START Source records

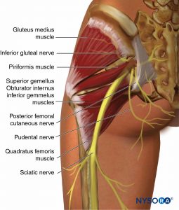 Piriformis syndrome is a condition in which the piriformis muscle, a small muscle located in the buttocks, irritates the sciatic nerve. This usually occurs as a result of muscular spasm or swellnig of the piriformis or irritation of the sacroiliac joint.
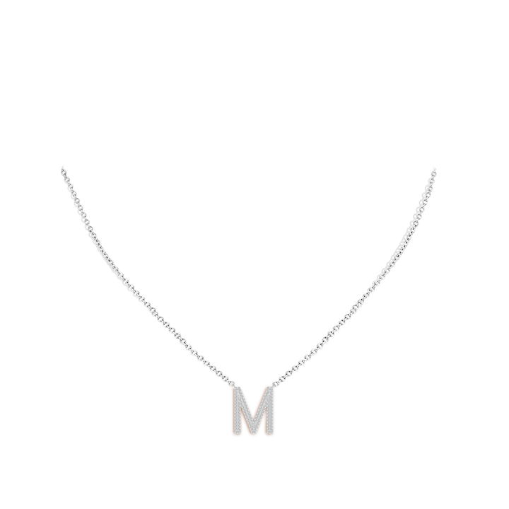 This Prong-Set Diamond Capital 'M' Knife-Edge Initial Pendant by Angara is a dazzling personal statement piece. The 14k white gold pendant features a knife-edge script “M” adorned with 87 prong-set round diamonds, totaling 0.38 ct, suspended from a chain with jump rings for versatile length options.
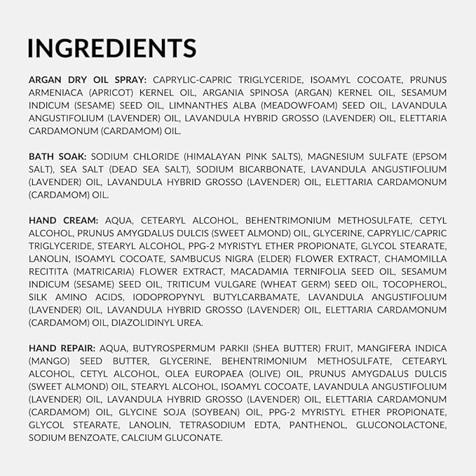 Discovery Kit - Argan Oil, Bath Soak, Hand Cream & Hand Repair (Lavender Smoke)
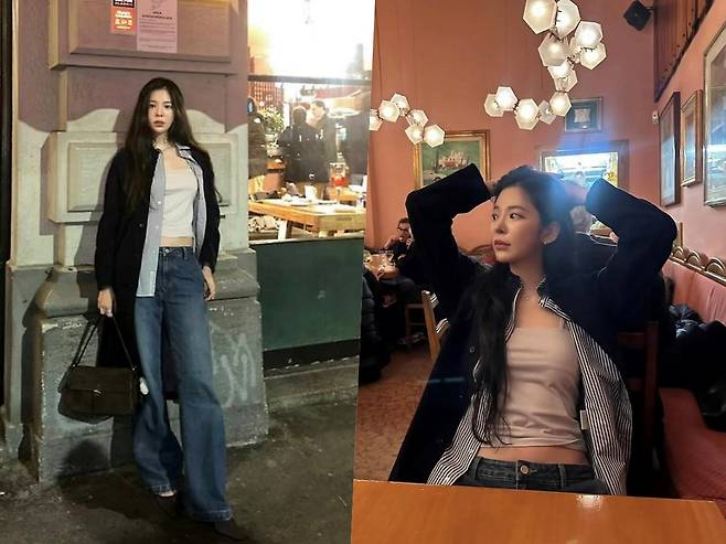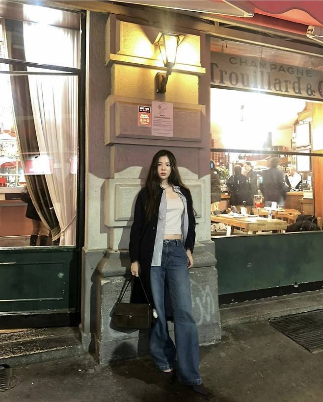 가수 장재인이 여유로운 무드의 유럽 밤거리에서 시크한 빈티지 스트릿룩을 선보였습니다.
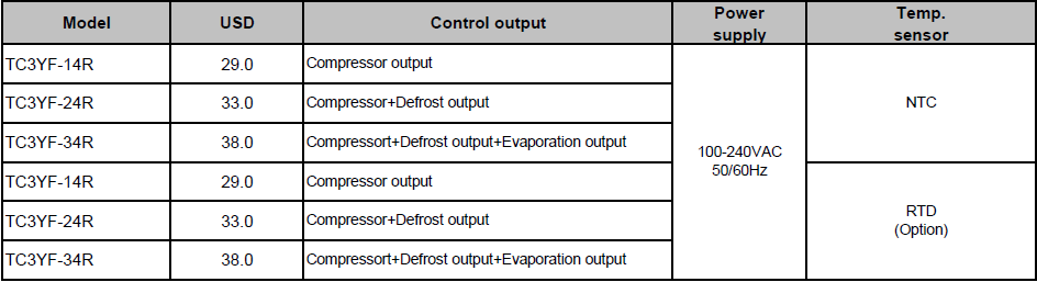 BẢNG CHỌN MÃ HÀNG - Bộ Điều Khiển Nhiệt Độ TC3YF
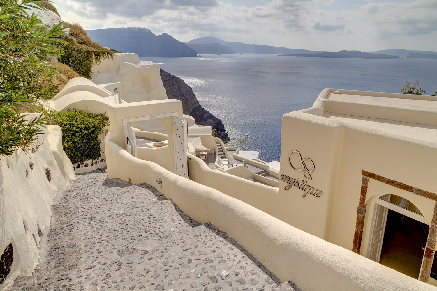 An exclusive hideaway in a natural world, Mystique, a Luxury Collection Hotel perfectly lends itself to wider exploration, gloriously open horizons of the captivating island of Santorini. Carved into the rugged Caldera cliffs, Mystique, overlooks the midnight blue waters of the Aegean Sea that encircles the island of Santorini. A favored destination for honeymoons and romantic escapes, Mystique emanates a carefree spirit, imparting an understated, exclusive feel, so reminiscent of the spectacular location.
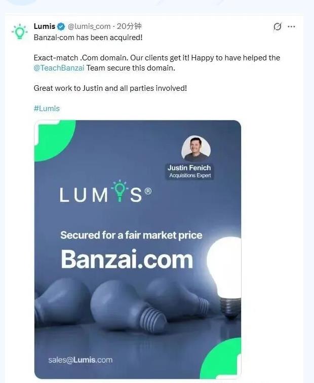 近日,Lumis公司宣布成功为TeachBanzai团队收购了Banzai.com域名。这一消息由Lumis官方在社交媒体上发布,引发业内关注。作为一枚“完美匹配”的.com域名,Banzai.com不仅与品牌名称高度一致,更在品牌识别、用户信任度和市场拓展方面具备显著优势。
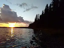 Woody River Recreation Site (52°28′45″N 101°42′03″W / 52.4791°N 101.7009°W / 52.4791; -101.7009)[17] consists of separate parcels of land plus additional Crown land centred around several lakes, Woody River, and Midnight Creek in the Porcupine Hills. Access is from Highway 980, which connects all of the lakes and amenities in the park, and by snowmobile. When travelling by snowmobile from the town of Hudson Bay, there are two warm-up shelters along the way.[18] Accessible lakes within the East Block include Isbister, Spirit, Smallfish, Woody, Elbow, and Townsend. All six lakes have boat access and fish commonly found in the lakes include walleye, perch, and northern pike. Campsites and picnic areas exist at Spirit, Isbister, Smallfish, and Townsend Lakes.[19] A rough ATV trail begins at the Spirit Lake Campground and heads north-east past Spirit Mountain and goes to Armit Lake, which is the largest lake in the Porcupine Hills.
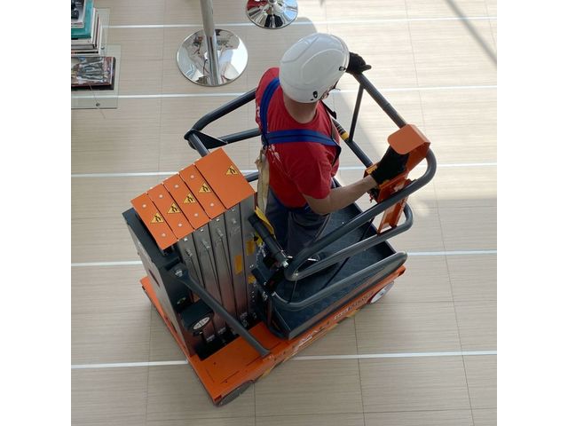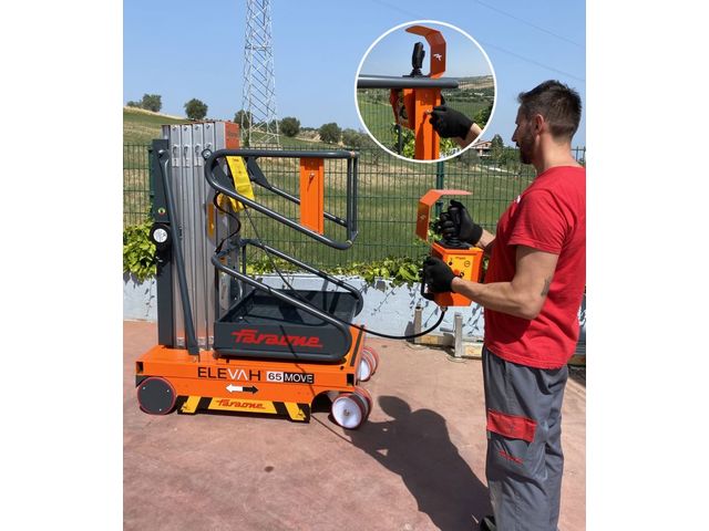 Elevah 65 Move Light is the self-propelled platform with electric elevation that allows to reach up to 6.3 m working height, extremely compact and light in weight (only 538 kg). Ideal for the maintenance of theatres, museums, sports halls, conferences halls and all places with delicate or low load-bearing floors.

END Source records

(Exercise objective): Return the stretch of data that begins with the line showing "An exclusive hideaway" and goes on through the line showing "近日,Lumis公司宣布成功", exactly, with pictures removed.

(Response for this exercise):
 An exclusive hideaway in a natural world, Mystique, a Luxury Collection Hotel perfectly lends itself to wider exploration, gloriously open horizons of the captivating island of Santorini. Carved into the rugged Caldera cliffs, Mystique, overlooks the midnight blue waters of the Aegean Sea that encircles the island of Santorini. A favored destination for honeymoons and romantic escapes, Mystique emanates a carefree spirit, imparting an understated, exclusive feel, so reminiscent of the spectacular location.
 近日,Lumis公司宣布成功为TeachBanzai团队收购了Banzai.com域名。这一消息由Lumis官方在社交媒体上发布,引发业内关注。作为一枚“完美匹配”的.com域名,Banzai.com不仅与品牌名称高度一致,更在品牌识别、用户信任度和市场拓展方面具备显著优势。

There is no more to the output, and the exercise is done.